Кому-то могло показаться, что он хочет играть роль самого господа бога. Но это только иллюзия. Он не бог и не претендует на эту роль. Но он давно пришел к выводу, что марионетки не могут дергаться по своему усмотрению. Нити перепутаются, и они передавят друг друга. А люди все опутаны нитями. Нити жадности, зависти, глупости, голода тянутся от каждого. Было время, когда господь кое-как еще держал в своей деснице эти ниточки. Но марионетки потеряли веру в верховного кукловода, выдернули ниточки из ослабевшей, бессильной десницы и с ужасом обнаружили: они не знают, что делать. Но тогда должен быть некто, кто не отшатнется в страхе от ответственности, возьмет в руки кончики бессчетных нитей, распутает их и наведет в мире марионеток элементарный порядок.
Он, генерал Иджер, не боялся. Сознание чудовищной сложности стоявшей перед ним задачи наполняло его печальным и гордым чувством человека, решившего пожертвовать собой во имя блага других.
Пройдет совсем немного времени, и те, кто останется, воздадут ему должное за его гуманный подвиг. Именно гуманный, потому что разве не любовь к маленьким, беззащитным марионеткам движет им?

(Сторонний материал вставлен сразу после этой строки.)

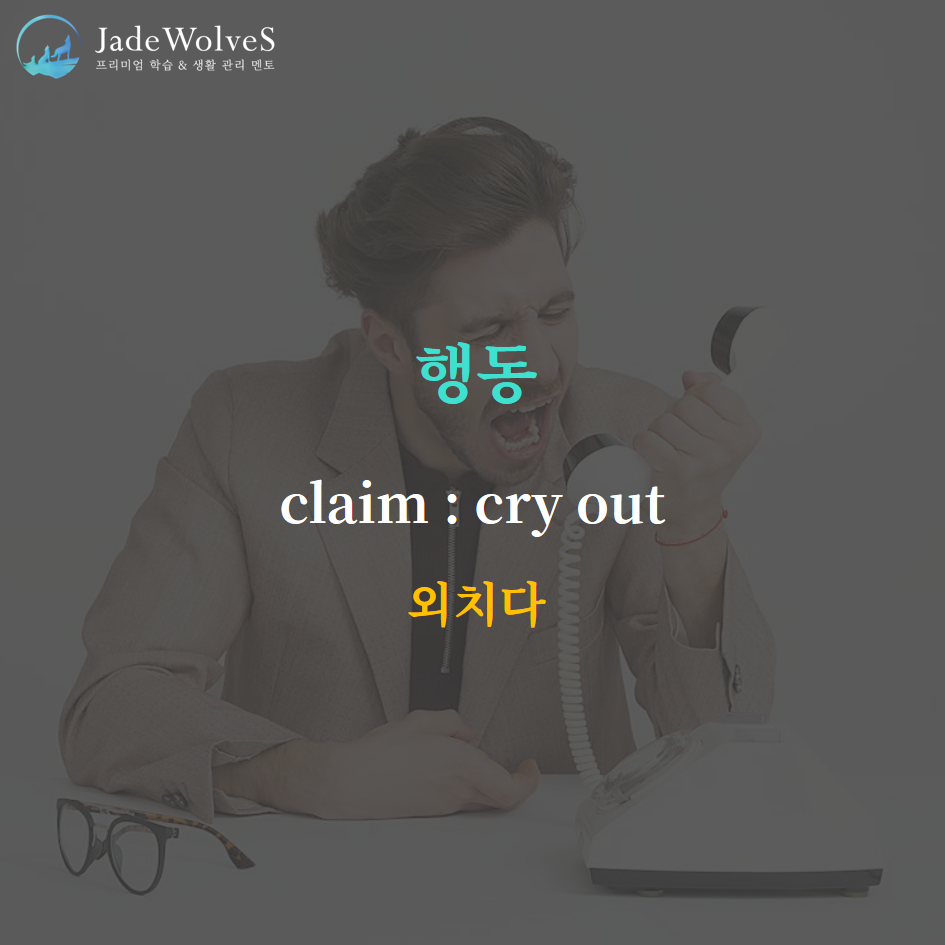 "claim : 외치다"라는 의미로 행동을 나타냅니다.
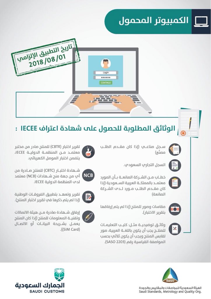 أوضحت الجمارك الوثائق المطلوبة للحصول على شهادة اعتراف IECEE لاستيراد الكمبيوتر المحمول.
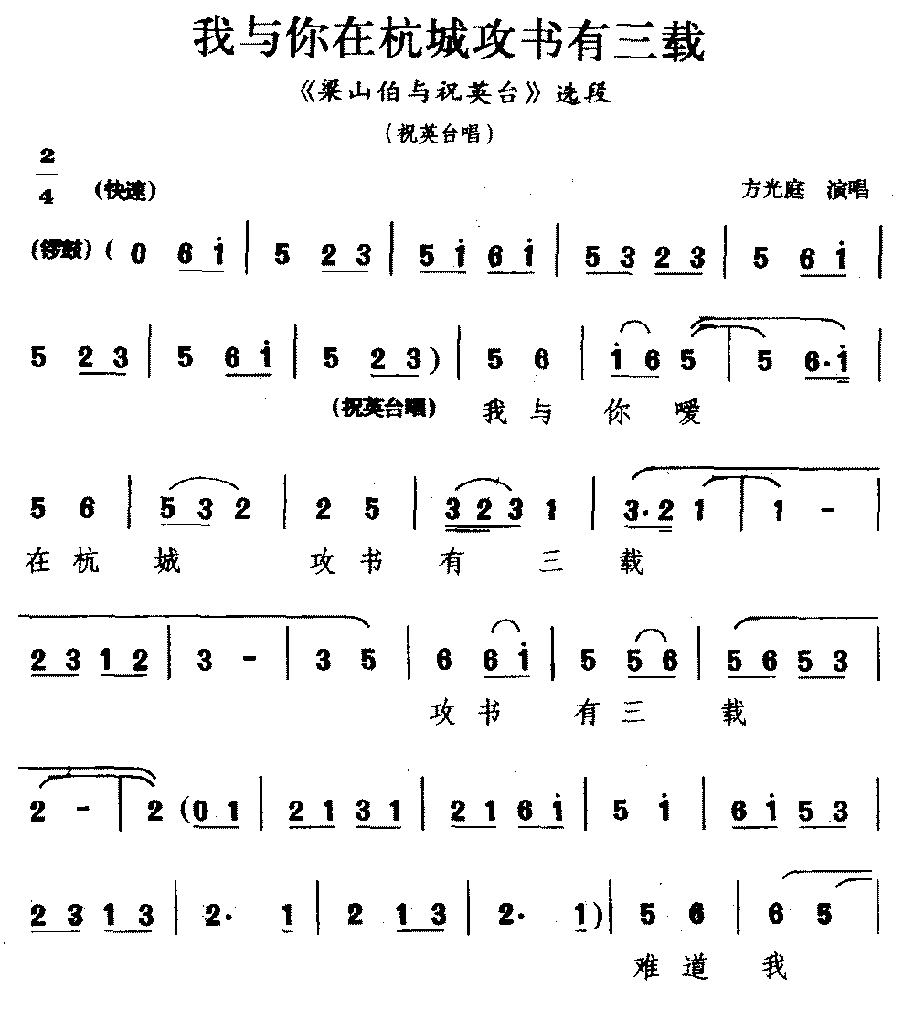 > 睦剧 我与你在杭城攻书有三载 梁山伯与祝英台 选段 祝英台唱
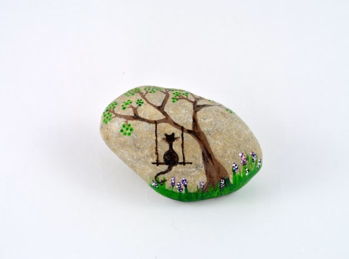- ¡Desata tu Imaginación!: Este es el momento de la diversión. Dibuja tu diseño con un lápiz suavemente sobre la piedra si lo necesitas, y luego comienza a pintar con tus pinceles y colores acrílicos. No temas experimentar con mezclas y técnicas.

Генерал вздохнул. Божественная музыка струилась сквозь него, вымывала усталость и наполняла его светлой печалью. Скоро уже, скоро…
А оно стало действительно невыносимым. Тысячи раз я производил в уме все расчеты. Столько-то времени нужно было Тони, чтобы добраться до Кинглоу, столько-то для того, чтобы наметить план действий, столько-то для того, чтобы позвонить нам. Он знал, как мы ждем его звонка. Допустим, он не сразу нашел врача, который украл у него ноги. Он бы позвонил нам. Допустим, он не мог придумать план, как добраться до него. Он бы позвонил нам. При всех обстоятельствах он бы позвонил нам, потому что знал, что мы ждем его звонка и от этого звонка зависят все наши дальнейшие действия.
Поэтому телефон не мог не позвонить. И я сидел, уставившись на него, и повторял: ну позвони, позвони…
Но прошло уже трое суток, а телефон молчал.
— Он обязательно позвонит, — говорила Луиза, но в ее голосе не было убеждения.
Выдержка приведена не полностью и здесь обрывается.